For these entrepreneurial companies, the number of partnerships between companies in the US, Canada, and Europe (aka “the global north”) and in the developing world (aka “the south”) is substantial. In 2009, researchers at the McLaughlin-Rotman Centre for Global Health of Canada reported on a survey of 500 biotech companies based in north and found more than half had active collaborations with companies in the developing world. To get an idea of the type of collaborations, the same authors interviewed Canadian biotech companies (of which 25% had non-US/Europe, international collaborations) and found collaborations primarily for, in descending order: product development (R&D and clinical trials), contract research or manufacturing, and product distribution. The authors also noted that the collaborations were bi-directional, with knowledge and capital flowing both ways, and were self-initiated; government and international group involvement was absent or limited.

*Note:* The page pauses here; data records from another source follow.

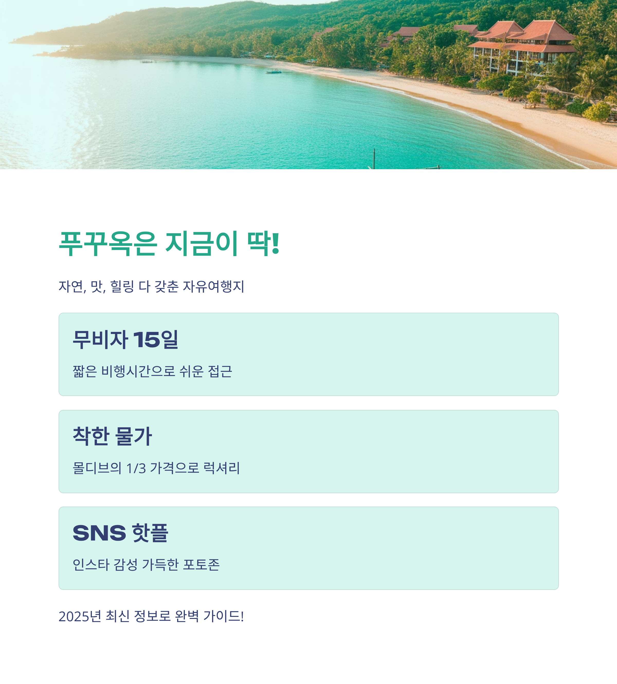 2025년 기준 최신 정보와 SNS 인기 스팟 위주로, 푸꾸옥의 추천 여행지, 맛집, 포토존, 실후기, 여행 루트 요약표까지 한번에 정리해드릴게요.
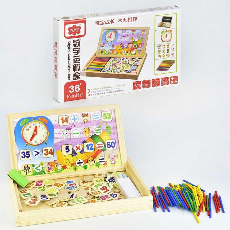 Доска в наборе двусторонняя и выполняет сразу несколько полезных функций: дошка для крейди; доска для сборки примеров из фишек. В комплекте вы найдете набор деревянных разноцветных фишек с изображением цифр, математических знаков и животных, циферблат с вращающимися стрелками, разноцветные палочки для счета, мел и губку для очистки доски. С набором можно играть с самого раннего детства, однако в присутствии взрослых. Размеры / габариты 30х4х20 см
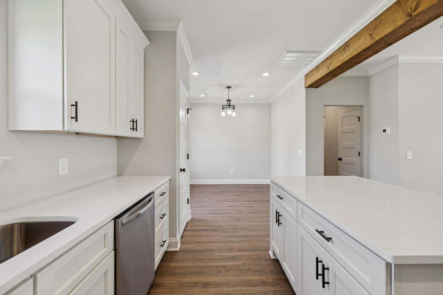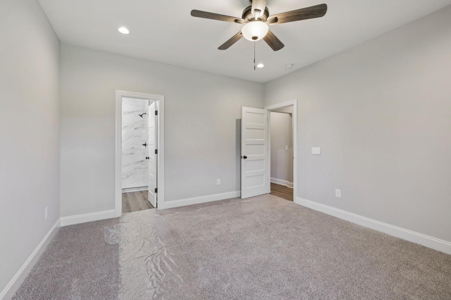 New construction in the heart of Chapel Hill comes with a 1 year builder warranty. Convenient to all Chapel Hill has to offer and within walking distance of high school and restaurants. Also very near Henry Horton State Park, with a short commute to Murfreesboro, Franklin, Columbia, and Spring Hill. Main level features open living room and kitchen with exposed wood beams, quartz countertops, large island with lots of space, soft close cabinets, stainless/black oven, microwave and dishwasher. and eat in area. Master Bedroom suite is also downstairs and has walk in closet with custom shelving in the closet, double vanity in the bathroom with elegant tile shower. Flooring is LVP and carpet. Garage features Smart remote that can be operated via your cellphone. Out the back door is a concrete patio and behind you greenspace maintained by HOA. There is also a half bath for guests downstairs. Upstairs features 2 bedrooms and extra storage space. Bedroom have large closets with custom shelving also. This home is complete and ready for you to move in. High speed fiber offered by United Communications. (1% toward the buyer's closing cost with preferred Lender)
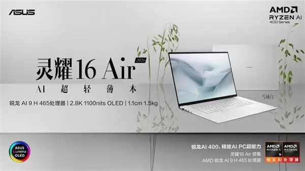 华硕灵耀16+ Air 2026评测:1.5kg超轻薄AI本搭载锐龙AI 9
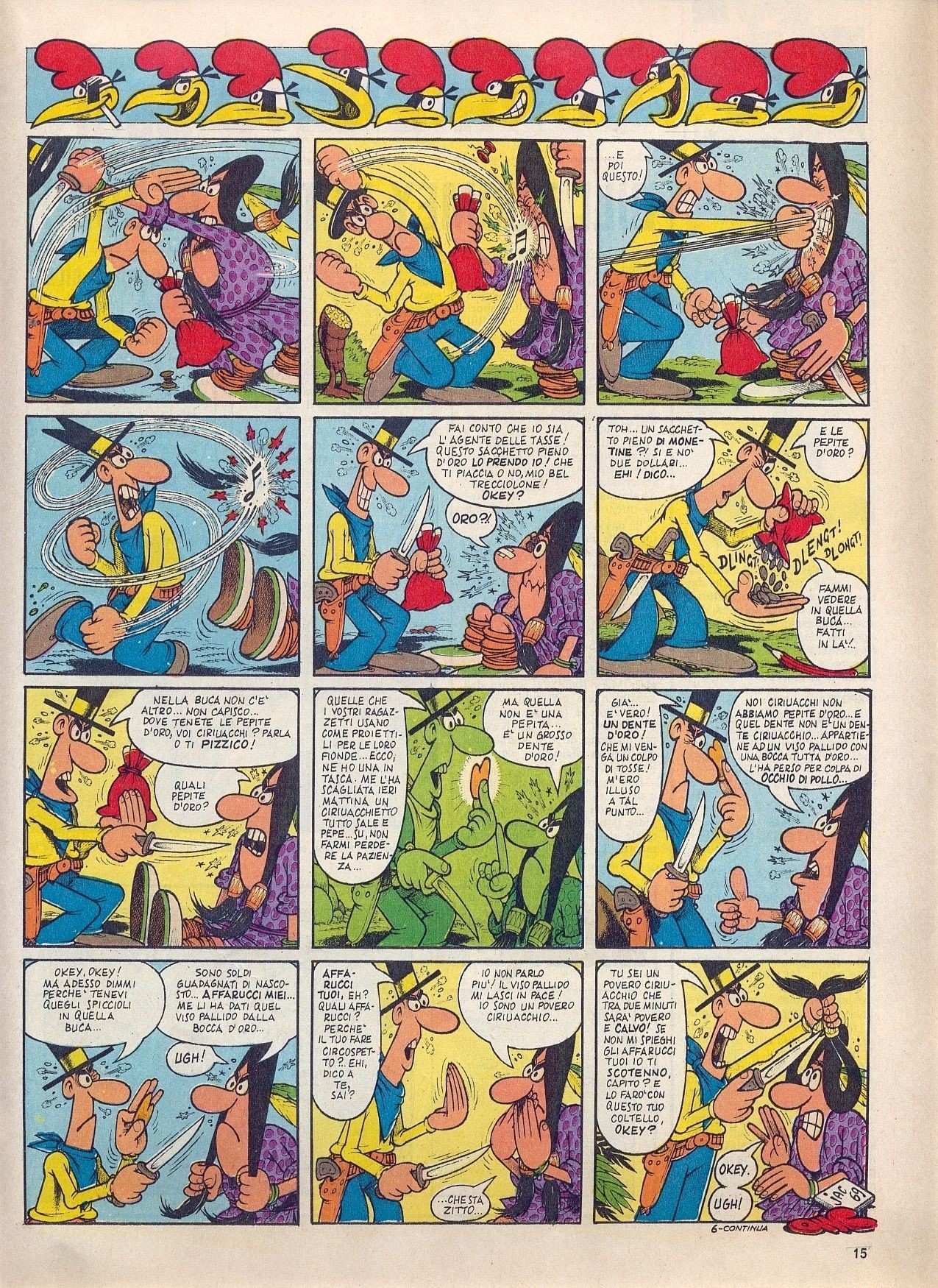 Tavola originale realizzata da Jacovitti per la ventiquattresima avventura di Cocco Bill intitolata "Occhio di Pollo e... i polli con l‘occhio", pag. 23 edita per la prima volta nel 1969. Acquerellata al retro. Firmata e datata con lisca di pesce.
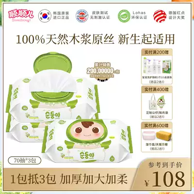 Shun Shun'er South Korea imported newborn hand wet paper towel baby special wet wipes baby green 70 draw 3 large bags
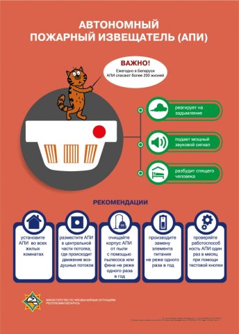Автономный пожарный извещатель (АПИ) – свою эффективность этот прибор доказал не раз. Принцип работы извещателя очень прост: с помощью чувствительных элементов прибор реагирует даже на малейшую концентрацию дыма, будь он от источника огня внутри дома или же проникает извне через строительные конструкции, входные двери, окна. АПИ подает мощный звуковой сигнал, способный разбудить даже спящего человека, тем самым позволяет обнаружить опасность в кратчайшие сроки и принять все возможные меры по защите семьи и имущества от пожара. Именно поэтому наличие автономного пожарного извещателя в Вашем доме – необходимое условие личной безопасности!
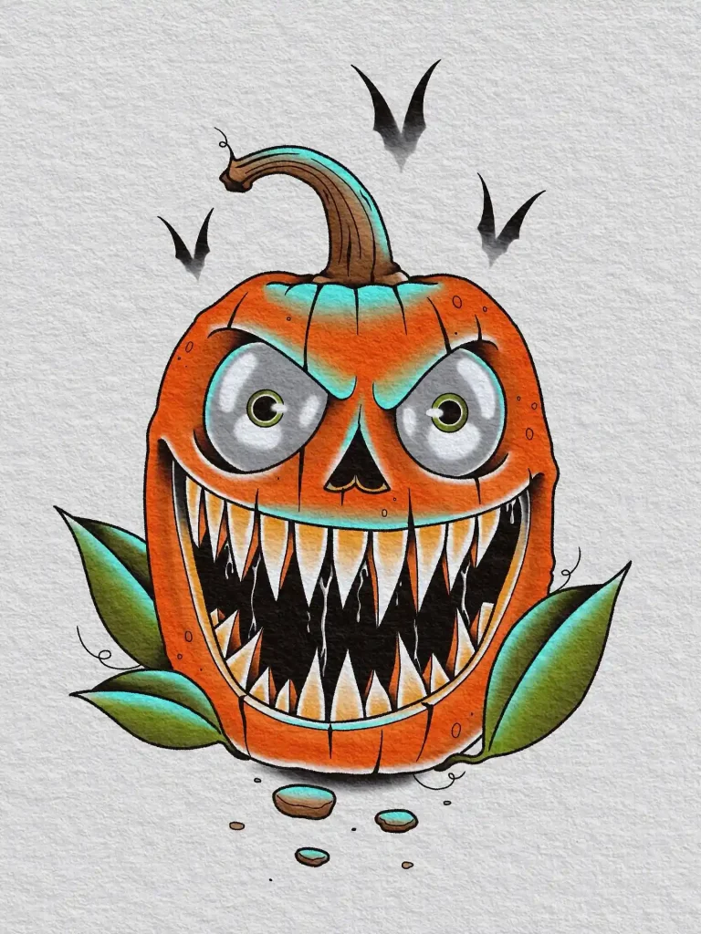 Drawing inspiration from New School tattoo art, this digital piece is bursting with exaggerated style. The pumpkin features massive, crazed eyes, a jaw packed with viciously sharp teeth, and a vibrant, high-contrast color palette with those cool teal highlights. It’s a bold, dynamic, and aggressive design that would look right at home in a tattoo artist’s portfolio.
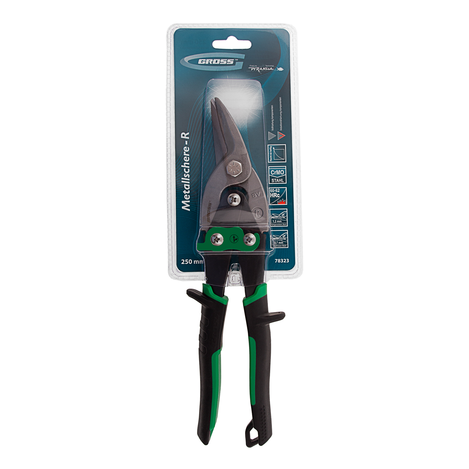 Ножницы по металлу Gross PIRANHA 78323 длиной 250 мм, из стали CrMo, с двухкомпонентными рукоятками, предназначены для прямого и правого реза по листовым заготовкам. Изогнутая рабочая часть облегчает выполнение длинных точных разрезов. Двойной рычажный механизм уменьшает нагрузку на руку при резке толстого металла. Ножницы справляются с холоднокатаной сталью толщиной до 1,2 мм и с нержавеющей сталью толщиной до 0,7 мм. Инструмент используется для проведения профессиональных слесарных работ.
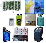 Комплект для заправки автомобильных кондиционеров состоит: автоматическая установка для заправки кондиционера, фреон, масло, течеискатель хладагента, набор золотников, ультрафиолетовая добавка, набор резиновых колец, набор колпачков, течеискатель электронный и цифровой термометр.
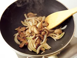 マッシュルームにしっかり焼き色がつき、玉ねぎがうすく色づくまで炒め、素材の甘みを引き出す。
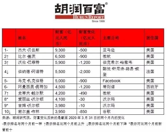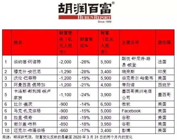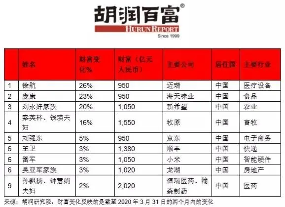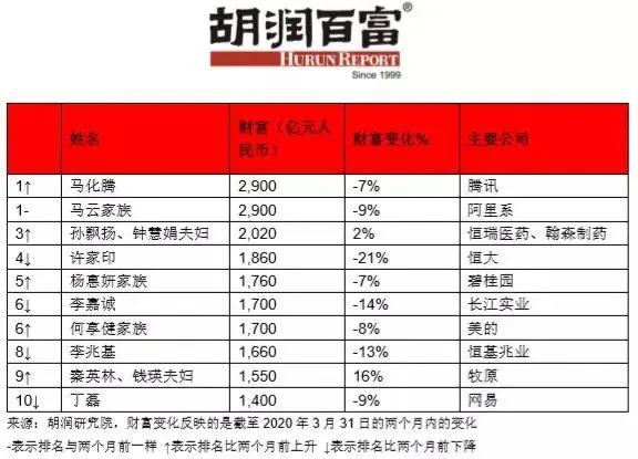 而一个多月前,2月26日公布的2020全球富豪榜上,“马云再次登顶中国首富,马化腾少70亿位居第二。”《疫情两个月后全球企业家财富变化特别报告》研究了胡润全球富豪榜上的企业家在截至2020年3月31日的两个月内的财富变化。在过去两个月里,中国前十名企业家总共损失了2890亿人民币。在绝大多数全球百强企业家财富均有缩水的背景下,马化腾首次与马云并列成为中国首富,二者同样拥有2900亿人民币。近两月,马化腾财富减少7%,马云财富减少9%。年初,中国富豪榜前三甲“二马一许”的格局已被打破。恒瑞医药和翰森制药的孙飘扬、钟慧娟夫妇以2020亿人民币排名第三,超过了许家印和李嘉诚。顺丰王卫则跌出前十。2-3月的两个月里,中国在全球百强企业家中增加了6人,是迄今为止增加最多的国家。印度减少了3人,美国减少了2人。百强企业家中,美国现有34人,中国有29人,中国与美国的差距从13人缩小至5人。不过,全球前10名中,有8名是美国人。“中国是相对的赢家,中国股市比美国和欧洲股市更能抵御新冠肺炎疫情的影响。”胡润百富董事长兼首席调研官胡润表示。过去两个月,全球股市大幅下跌,道琼斯指数下跌21%,印度、法国、德国和英国下跌四分之一,日本下跌18%,港股下跌10%。全球主要股指中唯一上涨的是上证指数,上涨了0.2%。随着疫情在世界范围内扩散蔓延,全球富豪榜也发生了不小的震动。在过去两个月里,全球前十名企业家总共损失了1.4万亿人民币。沃尔玛股东爱丽丝·沃尔顿和吉姆·沃尔顿虽然财富也有所减少,但成功跻身全球十强企业家。同时,有三位跌出了前十:印度瑞来斯实业公司的穆克什·安巴尼财富缩水1290亿人民币,至3400亿人民币;墨西哥美洲电信公司的卡洛斯·斯利姆·埃卢财富缩水1100亿人民币,至3900亿人民币;谷歌的拉里·佩奇财富缩水890亿人民币,至3800亿人民币。两个月前,有4位企业家的财富突破了1000亿美元大关,现在只有亚马逊的杰夫·贝佐斯。这位世界首富的财富减少了500亿,目前拥有9300亿人民币。“在新冠肺炎疫情爆发之前,我们在全球找到2816位十亿美金企业家,两个月后的今天,随着全球股市的财富蒸发,这个数字已经下降了20%。”胡润表示。“过去两个月,全球百强企业家的财富减少了12.6%,即2.6万亿人民币,蒸发了过去两年半所创造的财富,相当于每人每天损失4亿多人民币。”胡润表示。值得注意的是,百强中只有9人的财富在过去两个月里有所增长,全部来自中国。在胡润全球富豪榜上,来自视频会议平台zoom的50岁袁征近两月财富增长最快,增长了77%,达到565亿人民币。全球对呼吸机和其他医疗设备的需求激增,迈瑞的徐航财富因此增加了26%,达到950亿人民币。以公务员考试培训起家的中公教育的李永新和他母亲鲁忠芳,财富增长了20%,达到820亿人民币,主要受到优于预期的财务业绩和在新冠肺炎疫情爆发期间的网络营销的推动。胡润表示:“新冠肺炎疫情在全球范围内造成了对医疗设备制造商需求的激增,‘封锁’也带来了企业视频会议和学生在线教育的发展,令人意外的是,中国的猪肉生产商在百强中也占了两个席位。”全球百强企业家中涨幅最大的前五名中两位是中国的猪肉生产商:新希望的刘永好财富增加了20%,达到1050亿人民币;来自牧原的秦英林和他妻子钱瑛财富增加了16%,达到1550亿人民币。疫情之下,包也不能治百病了。“奢侈品之王”LVMH的伯纳德·阿诺特近两月财富缩水最多,损失了2000亿,相当于每天损失30多亿,目前拥有5500亿人民币。另外还有包括巴菲特在内的4位企业家损失上千亿。印度能源巨头Reliance的穆克什·安巴尼财富缩水1290亿人民币,相当于在过去两个月里每天损失20多亿人民币。其他财富下降较多的富豪还包括瑞幸咖啡的陆正耀和钱治亚,业绩造假爆出后,瑞幸咖啡上周股价下跌90%,陆正耀和钱治亚财富已不到十亿美金。电动汽车电池制造商宁德时代的曾毓群,财富下降了24%至740亿人民币;百度的李彦宏、马东敏夫妇财富下降了22%至590亿人民币;安踏的丁世忠财富下降了20%至295亿人民币。分行业来看,大多数行业的企业家都深受疫情的影响,零售、投资、能源等行业的百强企业家损失最惨重,医药行业企业家的财富相对抗跌。零售行业中,LV掌门人伯纳德·阿尔诺财富下降28%,Zara掌门人奥特佳财富下降21%,耐克创始人菲尔·奈特财富下跌14%。优衣库的柳井正和三星的李健熙财富均缩水24%,世界排名均下降29名,差点跌出百强企业家榜单。而零售行业企业家中,沃尔玛高管的财富却相对抗跌,主要由于沃尔玛的线上零售经营稳健,股价甚至在每股多次熔断时在3月19日创出新高。投资行业的企业家也损失惨重,巴菲特财富缩水19%,墨西哥的卡洛斯·斯利姆·埃卢家族财富损失24%,黑石集团的史蒂夫·施瓦茨曼损失18%。能源领域的企业家也深受石油价格下跌的重挫,科氏工业的查尔斯·科赫和茱莉娅·科赫家族的财富均损失15%,俄罗斯卢克石油的瓦吉特·阿列克佩罗夫财富缩29%。医疗设备和医药行业企业家的财富排名则相对坚挺,恒瑞和翰森的孙飘扬、钟慧娟夫妇财富排名上升4位,迈瑞医疗的徐航全球排名上升78,意大利的马希米丽亚娜·兰迪尼·阿利欧帝家族财富虽缩水6%,但排名却上升18。来源:中国新闻网 左宇坤、中国基金报微信、经济日报想第一时间找到广报君了解最新资讯?
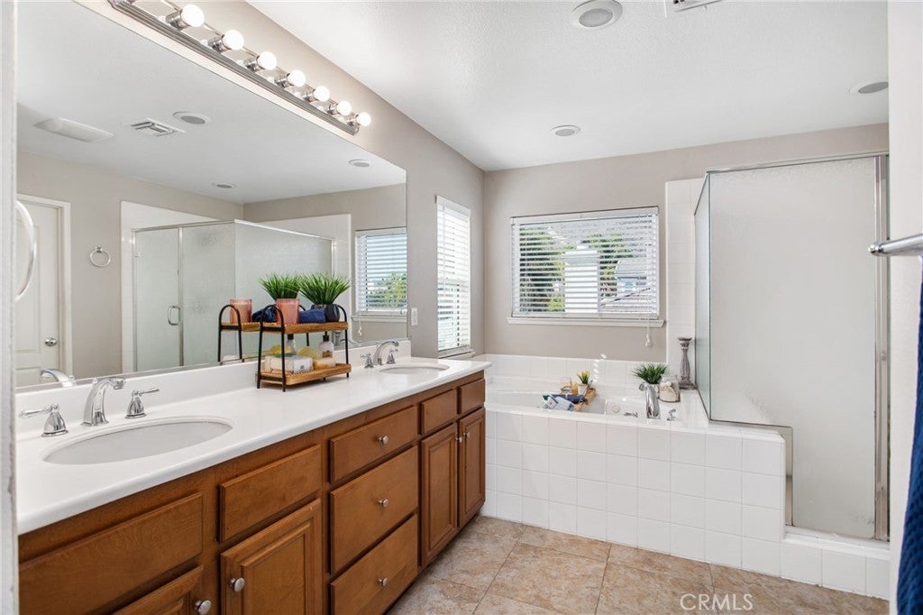Located in the highly sought-after Heritage Lake community, this beautifully maintained 4-bedroom, 2.5-bathroom home offers over 2,400 square feet of spacious living on a desirable corner lot in Menifee. From the moment you arrive, you'll appreciate the curb appeal, expansive front yard, and the natural light that pours into every room. The flexible floor plan features multiple living areas and a generous kitchen perfect for hosting family and friends. All bedrooms are upstairs, including a spacious primary suite with dual sinks, a soaking tub, and a walk-in closet. Step into the backyard to find freshly laid sod and a covered alumawood patio, ready to be transformed into your own private outdoor retreat. Whether it's summer barbecues or quiet evenings under the stars, this space is made for enjoying Southern California living. Heritage Lake offers residents access to scenic walking trails, parks, a clubhouse, and a private lake. With shopping, schools, and freeway access just minutes away, this home offers the perfect blend of community, comfort, and convenience.

So how may more north-south company collaborations be facilitated? Currently, the major international biotech trade group is the Biotechnology Industry Organization (BIO) which has only a few members from the global south, due to several possible reasons, but probably not the cost of membership which is a few thousand dollars for small companies. For the past several years, BIO’s annual meeting has attracted international attendees, about one-third of the 15,000, hosted 30 national exhibitors, and organized a track on Global Innovations and Markets. The best opportunity for deal-making or at least introductions is the conference’s Business Forum, through which person-to-person business development meetings are scheduled with other BIO attendees. But, of course, this confab is only once a year.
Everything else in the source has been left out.